Martin Warnke (12 October 1937 – 11 December 2019) was a German art historian.

Life and work
Warnke grew up in a German pastor's family in Brazil. He studied art history, history and German literature at the universities of Munich, Madrid and Berlin. In 1963, he wrote a Ph.D. thesis on Peter Paul Rubens at the Free University of Berlin under Hans Kauffmann. In 1964 and 1965, he worked at the Berlin museums. In 1970, he completed his Habilitationsschrift on court art at the Westfälische Wilhelms-Universität Münster. From 1971 to 1978 he was a professor of art history at the University of Marburg. In 1979, he moved to the University of Hamburg, where he taught art history until his retirement in 2003.

Warnke represented a research direction that is particularly focused on the social history of art. He directed the Center for Political Iconography at the Warburg Haus, Hamburg. Here he devoted himself to the work of the important cultural theorist, Aby Warburg. 

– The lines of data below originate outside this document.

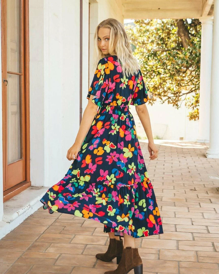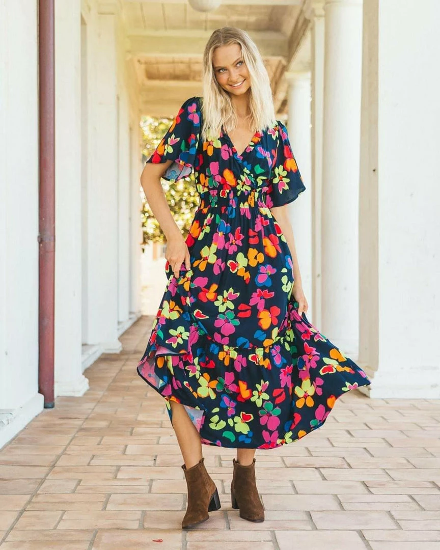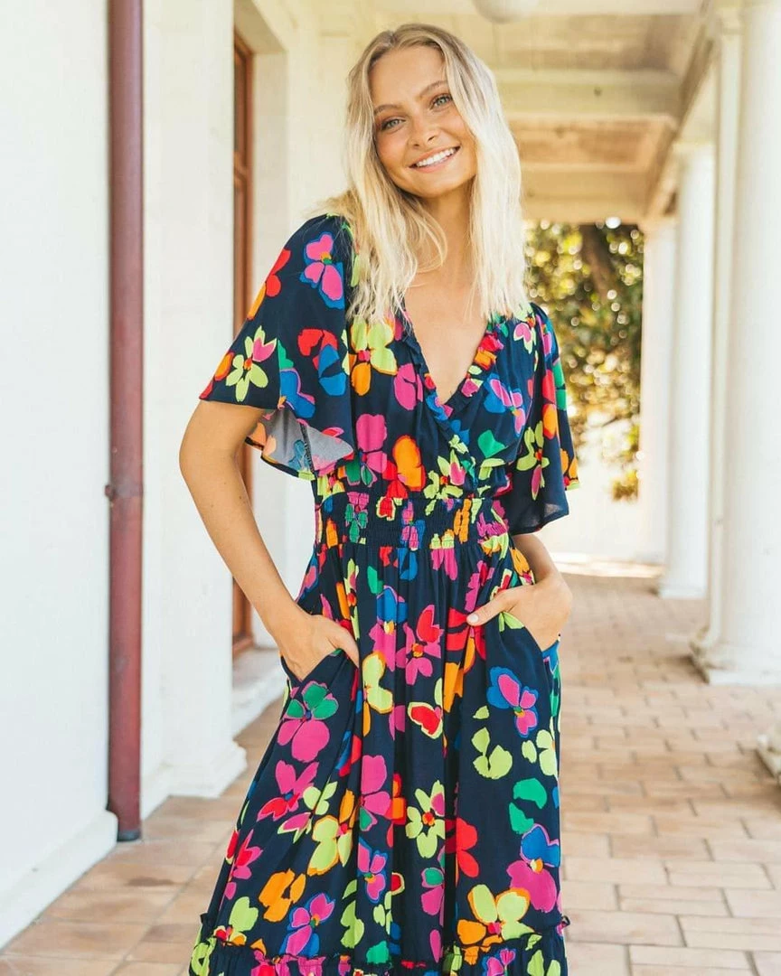 The ‘Addison Maxi Dress’ is a wardrobe staple this season! It features a multi toned floral print perfect for Summer, maxi length, short sleeves and a flowy swishy skirt.Â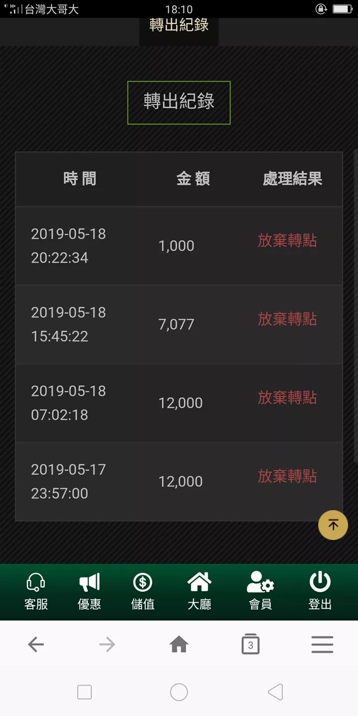 以下圖片是我提領 過程 他們會一直幫我放棄轉點 ,詢問客服 都會說查詢中,然後最後都放棄轉點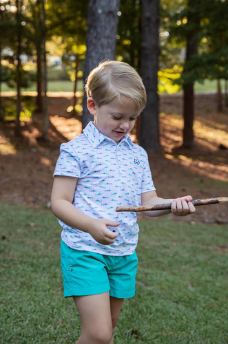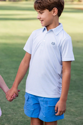 Boys Prim & Proper Polo- Nantucket Navy Stripe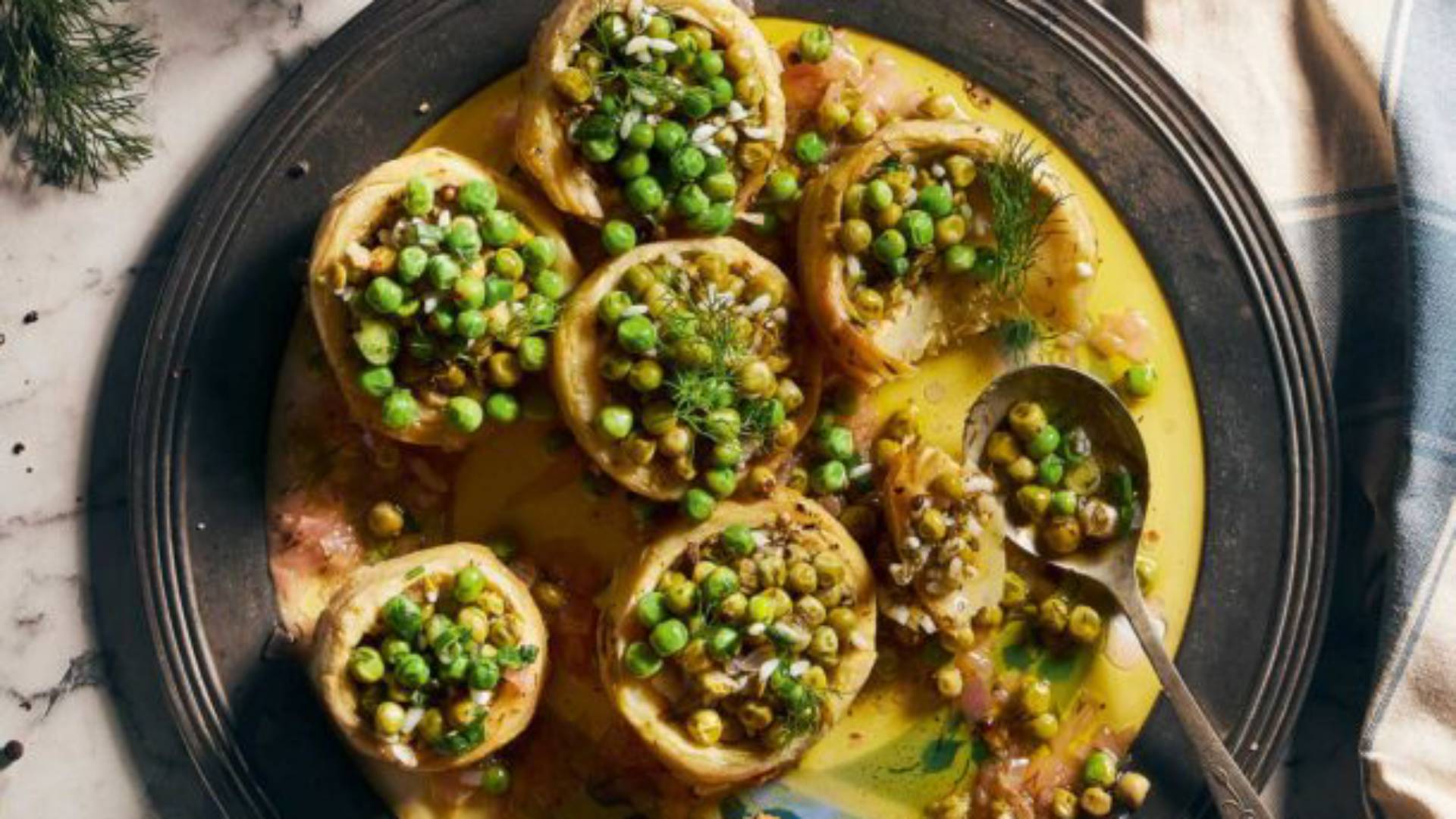Οι τρυφερές αγκινάρες της εποχής και μια πράσινη, γέμιση με ρύζι, αρακά και μυρωδικά σε ένα θαυμάσιο πιάτο με τη γεύση της άνοιξης.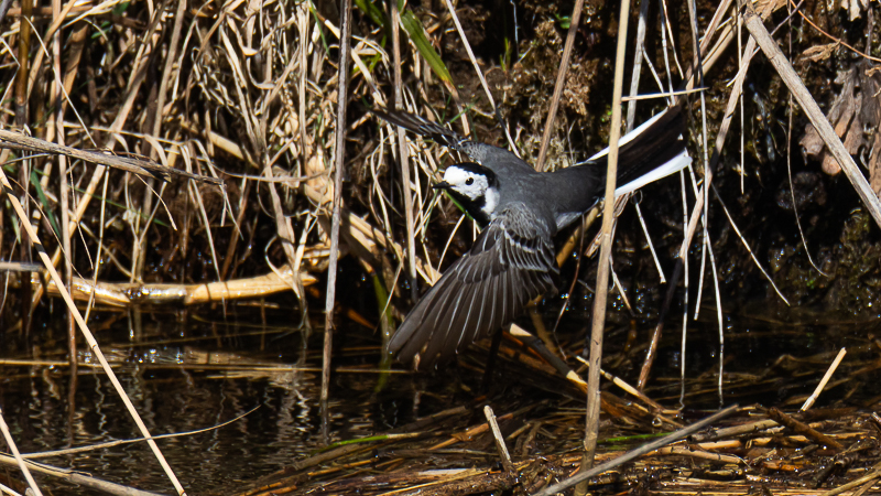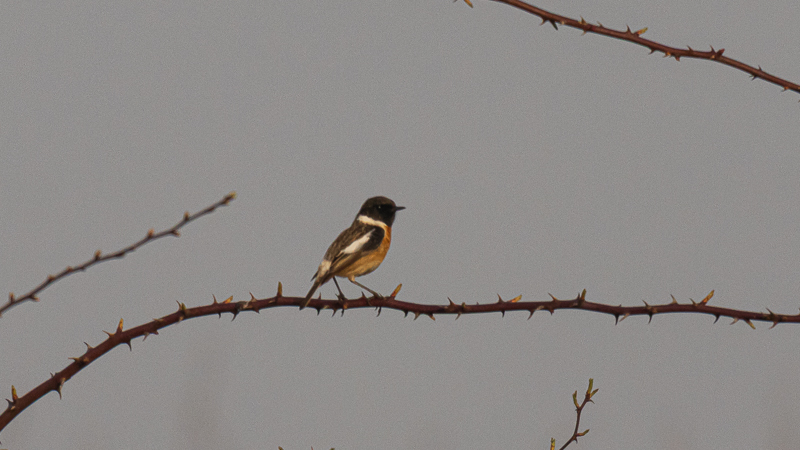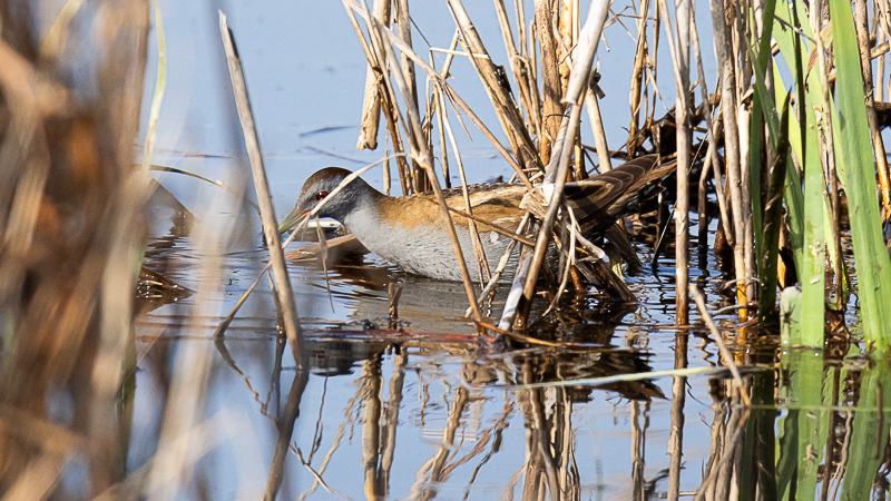 Des roselières montent de nombreux cris, dont ceux des invisibles Panures et entre-aperçus Râles. Acoustiquement discrète mais toujours bien en vue sur les buissons dépassant des roseaux, la Pie-grièche grise affûte. Un Épervier en fait de même, quelques mètres plus haut, depuis les arbres bordant le canal.

Warnke was a member of the Deutsche Akademie für Sprache und Dichtung and the Committee on the Preservation of German Cultural Heritage. From 1983 to 1984, he was a member of the Institute for Advanced Study, Berlin. In 1987, he was a fellow at the Getty Research Institute in Santa Monica, California. From 1998 to 1999, he was a member of the Collegium Budapest - Institute for Advanced Study.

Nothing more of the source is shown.